# TASK INSTRUCTIONS
In the data below, one line contains "провел куратор выст" and a later one contains "Zetian all-aluminum tea". Print both, with every line between them, exactly and alone.

# DATA SUPPLIED
──────────
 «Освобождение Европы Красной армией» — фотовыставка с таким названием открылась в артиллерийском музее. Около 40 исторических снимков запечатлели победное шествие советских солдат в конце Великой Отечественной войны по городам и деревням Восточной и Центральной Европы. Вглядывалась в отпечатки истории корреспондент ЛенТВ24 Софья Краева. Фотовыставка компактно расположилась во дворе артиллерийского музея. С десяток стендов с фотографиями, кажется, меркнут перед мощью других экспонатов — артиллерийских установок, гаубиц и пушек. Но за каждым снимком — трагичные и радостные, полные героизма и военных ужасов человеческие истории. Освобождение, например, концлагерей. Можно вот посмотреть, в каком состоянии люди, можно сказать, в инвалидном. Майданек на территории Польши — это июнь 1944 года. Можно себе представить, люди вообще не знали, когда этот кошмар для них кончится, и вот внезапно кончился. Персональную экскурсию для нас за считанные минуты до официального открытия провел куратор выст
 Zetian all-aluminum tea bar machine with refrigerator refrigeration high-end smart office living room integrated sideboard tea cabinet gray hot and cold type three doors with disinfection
──────────
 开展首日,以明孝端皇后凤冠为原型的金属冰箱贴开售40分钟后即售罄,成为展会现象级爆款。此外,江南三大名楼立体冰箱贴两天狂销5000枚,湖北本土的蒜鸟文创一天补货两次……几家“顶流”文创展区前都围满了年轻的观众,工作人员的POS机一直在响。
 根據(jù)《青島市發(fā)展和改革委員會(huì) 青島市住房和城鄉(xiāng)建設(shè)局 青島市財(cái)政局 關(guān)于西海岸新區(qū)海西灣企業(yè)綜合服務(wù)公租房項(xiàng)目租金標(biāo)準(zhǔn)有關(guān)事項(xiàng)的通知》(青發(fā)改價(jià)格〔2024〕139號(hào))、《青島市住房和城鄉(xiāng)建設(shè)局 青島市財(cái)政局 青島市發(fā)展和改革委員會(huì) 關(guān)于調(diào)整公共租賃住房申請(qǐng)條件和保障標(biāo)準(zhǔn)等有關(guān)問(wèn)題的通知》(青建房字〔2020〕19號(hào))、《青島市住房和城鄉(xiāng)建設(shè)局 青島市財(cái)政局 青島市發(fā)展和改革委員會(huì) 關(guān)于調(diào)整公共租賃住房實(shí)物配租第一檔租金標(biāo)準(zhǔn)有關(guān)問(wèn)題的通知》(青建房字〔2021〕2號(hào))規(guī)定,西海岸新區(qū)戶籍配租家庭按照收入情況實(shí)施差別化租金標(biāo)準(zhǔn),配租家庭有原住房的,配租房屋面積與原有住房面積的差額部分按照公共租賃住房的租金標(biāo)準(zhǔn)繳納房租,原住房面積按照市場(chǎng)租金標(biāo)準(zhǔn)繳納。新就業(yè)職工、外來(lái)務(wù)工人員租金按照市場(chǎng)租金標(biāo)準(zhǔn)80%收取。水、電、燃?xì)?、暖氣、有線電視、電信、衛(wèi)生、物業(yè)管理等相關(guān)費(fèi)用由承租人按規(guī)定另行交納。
──────────
# EXERCISE RESULT
 «Освобождение Европы Красной армией» — фотовыставка с таким названием открылась в артиллерийском музее. Около 40 исторических снимков запечатлели победное шествие советских солдат в конце Великой Отечественной войны по городам и деревням Восточной и Центральной Европы. Вглядывалась в отпечатки истории корреспондент ЛенТВ24 Софья Краева. Фотовыставка компактно расположилась во дворе артиллерийского музея. С десяток стендов с фотографиями, кажется, меркнут перед мощью других экспонатов — артиллерийских установок, гаубиц и пушек. Но за каждым снимком — трагичные и радостные, полные героизма и военных ужасов человеческие истории. Освобождение, например, концлагерей. Можно вот посмотреть, в каком состоянии люди, можно сказать, в инвалидном. Майданек на территории Польши — это июнь 1944 года. Можно себе представить, люди вообще не знали, когда этот кошмар для них кончится, и вот внезапно кончился. Персональную экскурсию для нас за считанные минуты до официального открытия провел куратор выст
 Zetian all-aluminum tea bar machine with refrigerator refrigeration high-end smart office living room integrated sideboard tea cabinet gray hot and cold type three doors with disinfection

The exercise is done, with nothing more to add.